UNA MESSA A PUNTO SULLA PATOLOGIA
DEI GENITALI MASCHILI

G.B. Parigi
Clinica Pediatrica, IRCCS, Policlinico S. Matteo, Pavia

SCROTO “VUOTO” = CRIPTORCHIDISMO

Il criptorchidismo definisce una situazione in cui il testicolo non è né visibile nè palpabile nello scroto (dal greco kriptos=nascosto, orchis=testicolo). Nell’uso clinico il termine criptorchidismo è utilizzato come sinonimo di testicolo ritenuto, sebbene non tutti i criptorchidismi siano riferibili a testicoli non discesi.

Testicolo ipoplasico o assente Testicolo che non si è mai sviluppato (agesia) o che è scomparso per una torsione intrauterina (anorchia) 9%
Testicolo la cui discesa si è arrestata prima di raggiungere lo scroto Testicolo in addome al di sopra dell’anello inguinale interno. 9%
Testicolo ritenuto
o non disceso
Ritenzione addominale Testicolo a livello o appena al di sotto dell’anello inguinale interno 15%
Ritenzione inguinale alta

aritenzione inguinale bassa

Testicolo a livello o appena sotto l’anello inguinale esterno 45%
Testicolo ectopico Testicolo migrato in una posizione anomala Inguinale superficiale
Perineale
Criciato
Radice del pene
12%
Criptorchidismo secondario Criptorchidismo acquisito(p.e. dopo intervento chirurgico per ernia inguinale)

Il testicolo fluttuante o retrattile non è un vero testicolo ritenuto e si palpa in genere nell’area inguinale.

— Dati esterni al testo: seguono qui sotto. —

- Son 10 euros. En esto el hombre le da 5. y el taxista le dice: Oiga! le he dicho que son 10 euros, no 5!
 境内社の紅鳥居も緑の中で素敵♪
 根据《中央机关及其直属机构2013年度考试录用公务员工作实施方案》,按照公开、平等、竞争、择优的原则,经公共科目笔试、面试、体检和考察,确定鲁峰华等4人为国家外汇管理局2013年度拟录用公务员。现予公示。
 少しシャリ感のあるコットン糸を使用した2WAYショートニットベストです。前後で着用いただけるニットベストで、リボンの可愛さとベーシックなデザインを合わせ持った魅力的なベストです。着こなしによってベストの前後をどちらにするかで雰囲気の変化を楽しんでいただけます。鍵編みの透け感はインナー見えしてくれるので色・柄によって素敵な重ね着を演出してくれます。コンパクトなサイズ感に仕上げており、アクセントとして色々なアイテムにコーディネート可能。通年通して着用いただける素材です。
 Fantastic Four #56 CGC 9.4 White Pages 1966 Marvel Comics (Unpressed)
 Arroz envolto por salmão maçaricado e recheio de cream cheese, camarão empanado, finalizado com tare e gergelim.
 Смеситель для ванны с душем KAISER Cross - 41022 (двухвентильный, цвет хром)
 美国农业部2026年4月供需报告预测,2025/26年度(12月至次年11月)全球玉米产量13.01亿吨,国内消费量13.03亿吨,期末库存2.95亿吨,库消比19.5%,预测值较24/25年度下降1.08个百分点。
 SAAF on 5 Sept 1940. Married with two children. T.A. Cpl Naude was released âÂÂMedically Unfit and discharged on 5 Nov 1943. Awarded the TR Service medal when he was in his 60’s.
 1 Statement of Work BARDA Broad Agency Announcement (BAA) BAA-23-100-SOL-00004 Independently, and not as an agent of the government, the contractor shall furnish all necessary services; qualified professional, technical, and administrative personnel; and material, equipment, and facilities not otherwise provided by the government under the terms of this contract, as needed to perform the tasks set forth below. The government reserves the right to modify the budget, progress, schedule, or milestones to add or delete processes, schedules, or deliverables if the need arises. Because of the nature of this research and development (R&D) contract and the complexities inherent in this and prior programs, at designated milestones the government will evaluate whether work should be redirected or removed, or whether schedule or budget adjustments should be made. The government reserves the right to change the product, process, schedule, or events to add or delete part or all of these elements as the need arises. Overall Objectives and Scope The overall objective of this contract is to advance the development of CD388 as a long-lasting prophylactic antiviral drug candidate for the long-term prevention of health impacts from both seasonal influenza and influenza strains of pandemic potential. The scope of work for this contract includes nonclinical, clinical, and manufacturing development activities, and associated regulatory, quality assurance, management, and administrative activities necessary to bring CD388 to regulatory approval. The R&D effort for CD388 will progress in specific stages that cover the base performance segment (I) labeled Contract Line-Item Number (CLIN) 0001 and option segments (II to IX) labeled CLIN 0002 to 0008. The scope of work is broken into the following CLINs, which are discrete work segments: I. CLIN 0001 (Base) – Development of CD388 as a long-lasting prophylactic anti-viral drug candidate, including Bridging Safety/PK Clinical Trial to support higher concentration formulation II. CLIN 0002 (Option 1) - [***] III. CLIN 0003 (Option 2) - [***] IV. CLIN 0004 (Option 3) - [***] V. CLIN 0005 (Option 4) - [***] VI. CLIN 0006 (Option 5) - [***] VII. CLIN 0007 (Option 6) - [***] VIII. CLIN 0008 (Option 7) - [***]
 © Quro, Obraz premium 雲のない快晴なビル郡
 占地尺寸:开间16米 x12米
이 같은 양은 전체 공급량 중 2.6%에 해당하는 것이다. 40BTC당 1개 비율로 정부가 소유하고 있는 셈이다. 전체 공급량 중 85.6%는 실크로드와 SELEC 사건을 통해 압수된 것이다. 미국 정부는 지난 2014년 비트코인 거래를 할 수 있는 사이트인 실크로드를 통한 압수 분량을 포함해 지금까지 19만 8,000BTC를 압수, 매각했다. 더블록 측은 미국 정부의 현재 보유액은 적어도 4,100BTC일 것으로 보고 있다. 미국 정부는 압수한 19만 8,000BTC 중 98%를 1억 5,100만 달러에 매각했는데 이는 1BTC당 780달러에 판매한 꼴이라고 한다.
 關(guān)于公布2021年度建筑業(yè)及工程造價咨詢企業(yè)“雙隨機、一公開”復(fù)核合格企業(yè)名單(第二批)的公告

Si può portare manualmente nello scroto e lasciato a sé vi rimane fin quando il riflesso cremasterico lo riporta al di fuori dello scroto. I testicoli fluttuanti dovrebbero avere una funzionalità conservata.


Eziopatogenesi

La discesa del testicolo avviene attraverso due meccanismi fisiologici, uno meccanico e l’altro ormonale. Principio fondamentale di quello meccanico è il gubernaculum testis, che sin dalle prime fasi dello sviluppo embrionale mette in contatto il testicolo con la regione inguinale, e la cui migrazione al fondo dello scroto determina la formazione del dotto peritoneo-vaginale e del canale inguinale, strutture attraverso le quali avviene la discesa del testicolo.


Clinica

Il punto fondamentale nell’obiettività di un testicolo ritenuto è se questo sia palpabile
o meno:

  • Se palpabile il testicolo può essere non disceso, ectopico o retrattile.
  • Se non palpabile, il testicolo può essere addominale o assente.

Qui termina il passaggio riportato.